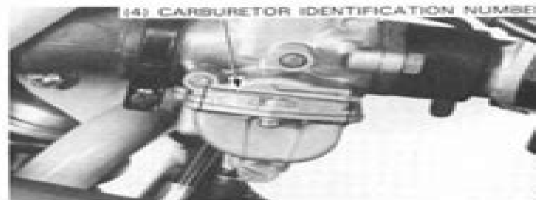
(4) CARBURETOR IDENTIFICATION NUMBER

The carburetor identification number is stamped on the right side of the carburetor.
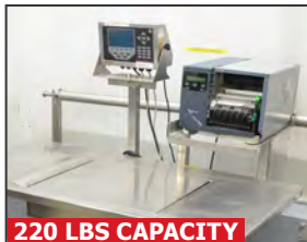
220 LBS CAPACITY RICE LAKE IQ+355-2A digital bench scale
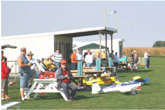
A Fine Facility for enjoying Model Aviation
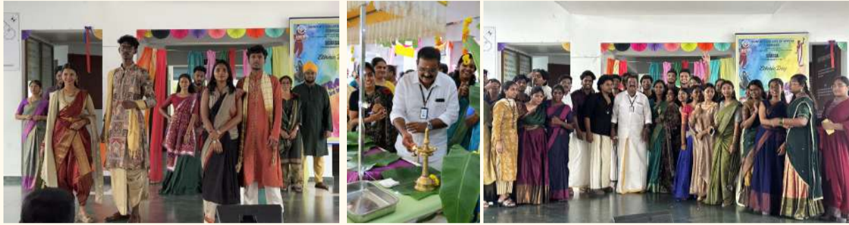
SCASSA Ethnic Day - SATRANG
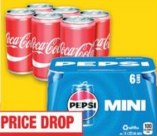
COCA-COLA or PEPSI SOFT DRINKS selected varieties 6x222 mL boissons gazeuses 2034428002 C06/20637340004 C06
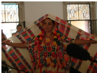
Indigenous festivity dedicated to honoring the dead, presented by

...

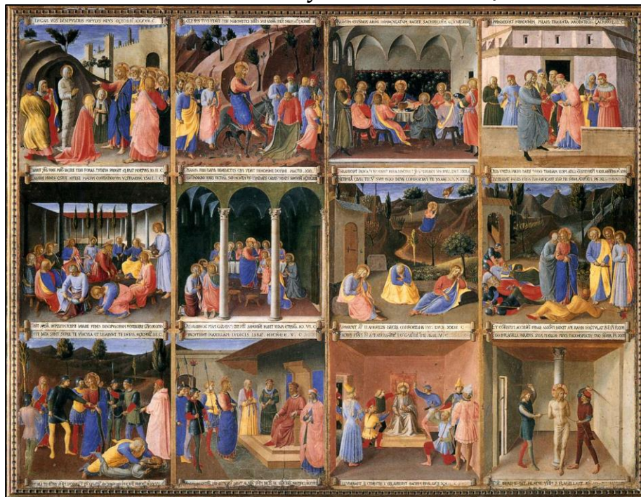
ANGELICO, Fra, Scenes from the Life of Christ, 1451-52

Task prompt
Above are records; repeat only the lines from the line with "220 LBS CAPACITY" through the line with "COCA-COLA or PEPSI", and leave pictures out.

Reply to the task
220 LBS CAPACITY RICE LAKE IQ+355-2A digital bench scale
A Fine Facility for enjoying Model Aviation
SCASSA Ethnic Day - SATRANG
COCA-COLA or PEPSI SOFT DRINKS selected varieties 6x222 mL boissons gazeuses 2034428002 C06/20637340004 C06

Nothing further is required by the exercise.